Launched on August 18, 2006, TMN was soon after approved for inclusion on Mozilla’s Addon website. While initial attention came primarily from the technical community, word spread to popular media outlets (such as Associated Press and Yahoo! News), after which responses came from a more general audience. Its approach to protecting privacy in search -- by obfuscating real search queries with fake ones – met with a wide range of reactions. While some applauded the effort, others argued it would not work, and others that it worked in unacceptably disruptive ways.
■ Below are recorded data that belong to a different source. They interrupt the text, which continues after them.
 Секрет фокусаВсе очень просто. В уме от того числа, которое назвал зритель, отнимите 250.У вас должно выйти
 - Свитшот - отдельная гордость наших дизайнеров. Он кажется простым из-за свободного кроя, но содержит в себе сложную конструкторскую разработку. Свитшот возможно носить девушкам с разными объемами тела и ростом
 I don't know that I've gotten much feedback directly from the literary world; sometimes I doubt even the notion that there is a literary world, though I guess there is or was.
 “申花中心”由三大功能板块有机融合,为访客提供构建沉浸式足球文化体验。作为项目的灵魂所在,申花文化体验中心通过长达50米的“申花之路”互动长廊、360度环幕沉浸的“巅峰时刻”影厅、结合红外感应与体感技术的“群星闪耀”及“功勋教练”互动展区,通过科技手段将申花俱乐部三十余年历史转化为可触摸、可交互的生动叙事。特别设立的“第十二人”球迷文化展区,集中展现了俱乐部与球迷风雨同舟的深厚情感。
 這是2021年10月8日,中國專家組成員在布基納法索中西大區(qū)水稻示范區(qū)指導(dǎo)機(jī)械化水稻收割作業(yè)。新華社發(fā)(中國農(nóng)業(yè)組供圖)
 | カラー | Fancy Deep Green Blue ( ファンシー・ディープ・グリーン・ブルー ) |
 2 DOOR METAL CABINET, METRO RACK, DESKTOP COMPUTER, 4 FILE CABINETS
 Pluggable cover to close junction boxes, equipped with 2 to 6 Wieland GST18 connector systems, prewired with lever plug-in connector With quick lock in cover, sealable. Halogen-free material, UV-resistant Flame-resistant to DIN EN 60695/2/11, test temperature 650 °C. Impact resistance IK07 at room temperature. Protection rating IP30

In responding to these reactions, we were forced to grapple with several important questions. First, it became clear that different user groups had quite different and sometimes contradictory ideas about how TMN should work and what it should accomplish. To give just one example: some thought TMN’s search terms should blend innocuously with their queries, as background noise, while others thought they should include jarring search terms, including ones that were politically and sexually charged. Some groups believed that the most important purpose of TMN was to protect users’ identities, while others believed it was to guard against profiling, and still others that it protect against social stigma. Some held that perfect secrecy should be the ultimate (though unreachable) goal, while others thought that simply raising the cost of identification and profiling was sufficient. Other responses challenged us to think about proper uses (and misuses) of network resources and about who has a right to determine users’ online experiences. Although these concerns may appear to be technical, their resolution usually involved a decision about which values should be prioritized.
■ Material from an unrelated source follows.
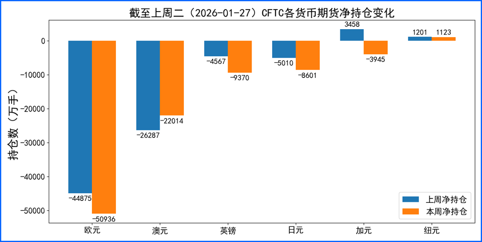 据美国商品期货委员会公布的2026-01-27期货市场头寸持仓报告显示,上周各货币的报告总持仓情况如下:欧元净空头变化6061手,澳元净多头变化4273手,英镑净空头变化4803手,日元净空头变化3591手,加元净空头变化7403手,纽元净空头变化78手,上周总持仓多空转换的货币有:加元。除此之外,单向总持仓变动超过20%的货币有:英镑,日元。
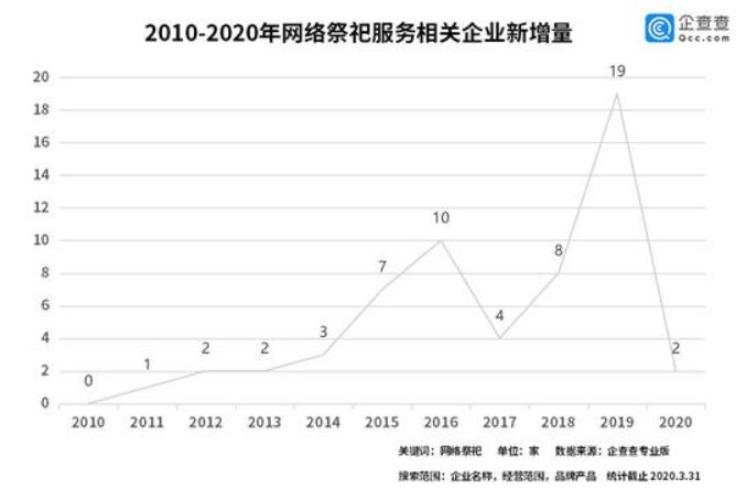 以祭祀来说,网络祭祀出现的时间并不短,但一直不温不火,与网络祭祀相关的企业,2011年开始每年新增量都有小幅度波动增加,直到2019年达到一个小高峰,新增相关企业19家,占所有企业总数的31.7%。

TrackMeNot and Values-at-Play:
The Values-at-Play (VAP) approach to systematically considering moral and political values in technical design proved useful at several critical junctures in the development of TMN. Acknowledging privacy (in web-search) as a value embedded in the definition of the project, the approach also highlighted other places where values were implicated. For example, we correlated features such as robust user-control, simplicity and configurability with the value of autonomy, and determinedly maintained a design in which users would not have to rely on third party cooperation, thus promoting independence. We minimized the draw on client-side resources so that TMN would not interfere with other functionality, yet also attempted to maintain transparency, allowing users easy access to query lists, logs of TMN operations, and real-time monitoring of queries as they were sent. Although we realized that TMN would draw on both bandwidth and server-side resources, we believed the impact to be minimal and when traded off against the potential for user privacy was a justified cost. Finally, VAP was useful in articulating the distinctive character of TMN’s approach to protecting privacy, namely as a social rather than an individual value.